Short Message Service (SMS)

Managing Workforce Performance


By Brendan B. Read,
Senior Contributing Editor


If there is one central objective of contact center management it is achieving optimal performance from the agents. This can be measured by yardsticks such as increased customer retention, loyalty, issues resolved, sales, and collections and/or reduced costs.


To reach that goal requires obtaining, analyzing and then utilizing that data to drive performance. That is the essence of integrating performance management (PM) with contact center workforce optimization (WFO) solutions (PM/WFO) accomplished via tapping information from many sources including ACDs and CRM systems, speech and screen analytics and surveys. With PM/WFO supervisors can see what is happening in real time, find out why and coach and train agents to boost results.

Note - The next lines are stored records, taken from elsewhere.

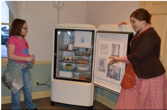
A costumed interpreter shows off her electric refrigerator- an actual appliance from the 1930's filled with replica food and an interpretive label.

You may find that static labels and objects in cases have a hard time competing with hands-on activities in the same space. In our initial evaluation of the Create.Connect prototype, we found that far fewer visitors stopped at historical objects and labels than at the STEM activities. This was an ongoing concern in creating an interdisciplinary experience. We felt that by making the historical elements of the
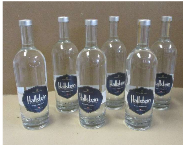
Figure 1: Samples as received for analysis.

One sample was submitted for analysis. The purpose of the analysis was to determine the microplastic concentration in the beverage product.
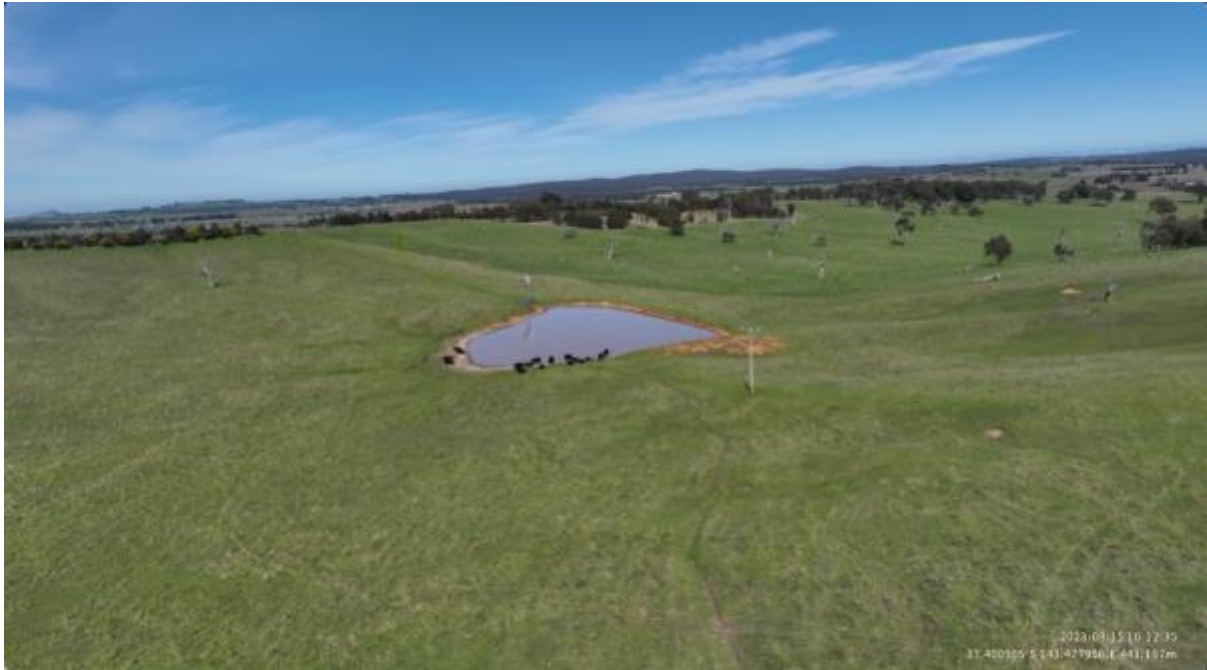
Appendix Plate 81. Waterbody 67; Low habitat quality.
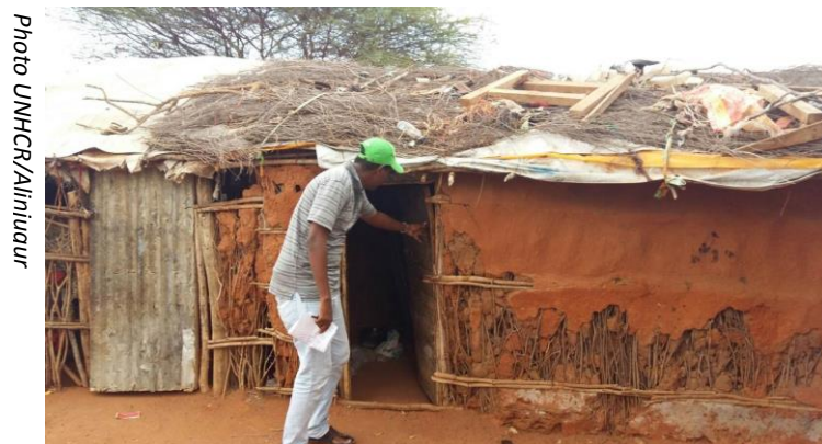
Makeshift shelter in Hagadera camp

to cover this gap, the most 363 vulnerable households will receive transitional shelters. Another 363 have already received tents. UNHCR and Department of Refugee Affairs (DRA) have also identified 50 beneficiaries to benefit from shelter repair kits. A shelter repair kit is composed of roofing materials including trusses and plane sheets.

Jim Davies, research director, Gartner, uses the example of Fred, a contact center agent who has a cross-sell ratio of 1 in 20 calls, but his center’s target is one in 10. If Fred’s center didn’t have a PM system his supervisor might not know there is a problem because that data has been recorded on the CRM but not linked to the contact center. He might spot it if he had luckily picked a call of Fred’s to monitor; most calls selected tend to be random.

“With PM you’re constantly capturing that data,” says Davies. “If Fred’s center has PM integrated with the CRM and WFO the tool would automatically alert Fred and his supervisors. It can then schedule a coaching session or e-learning based on Fred’s availability and track his subsequent sales performance. Performance improves because Fred has had that training course and learned to be a better-cross seller.”


More firms are, not surprisingly, turning to PM-enabled WFO. Ryan Hollenbeck, senior vice president of marketing, Verint cites the interest to organizations’ needs to get their arms wrapped around their customers to retain them.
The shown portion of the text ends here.